### [REQUIRED ACTION]
Pictures excluded, output exactly the lines from the one containing "Vyberte možnost <Vynutit" through the last line of the listing below.

### [DATA PROVIDED]

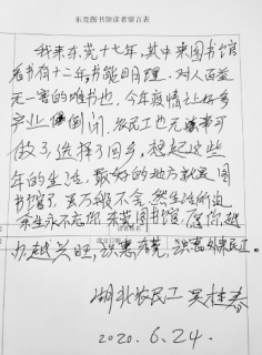 吳桂春給東莞圖書館的留言。
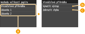 Vyberte možnost <Vynutit výstup> nebo <Zobrazit chybu>
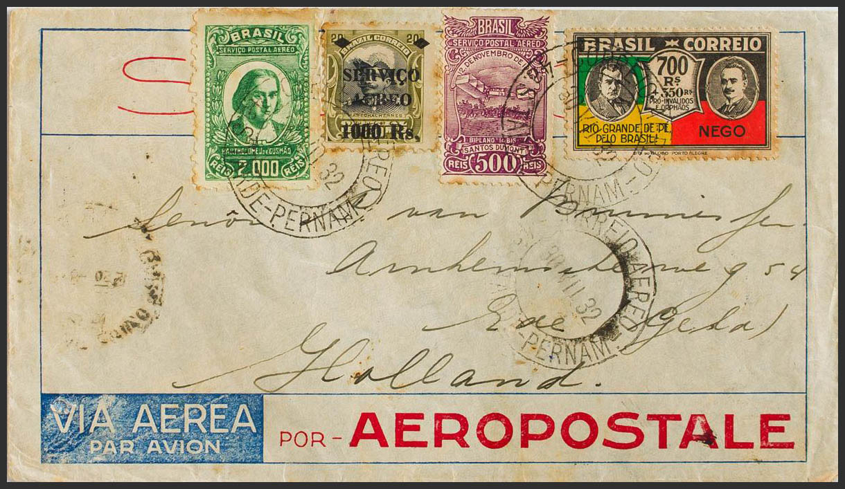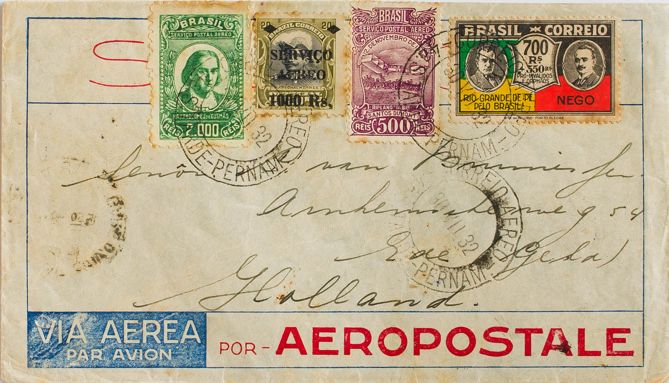 English Yvert 230, Aéreos 8, 20, 22. 1932. 700 multicolored reis, 1000 reis on 20 reis, 500 violet reis and 2000 green reis (some shaded value). PERNAMBUCO to NETHERLANDS. On the back transits PARIS and ROTTERDAM. PRETTY.

### [RESULT]
 Vyberte možnost <Vynutit výstup> nebo <Zobrazit chybu>
 English Yvert 230, Aéreos 8, 20, 22. 1932. 700 multicolored reis, 1000 reis on 20 reis, 500 violet reis and 2000 green reis (some shaded value). PERNAMBUCO to NETHERLANDS. On the back transits PARIS and ROTTERDAM. PRETTY.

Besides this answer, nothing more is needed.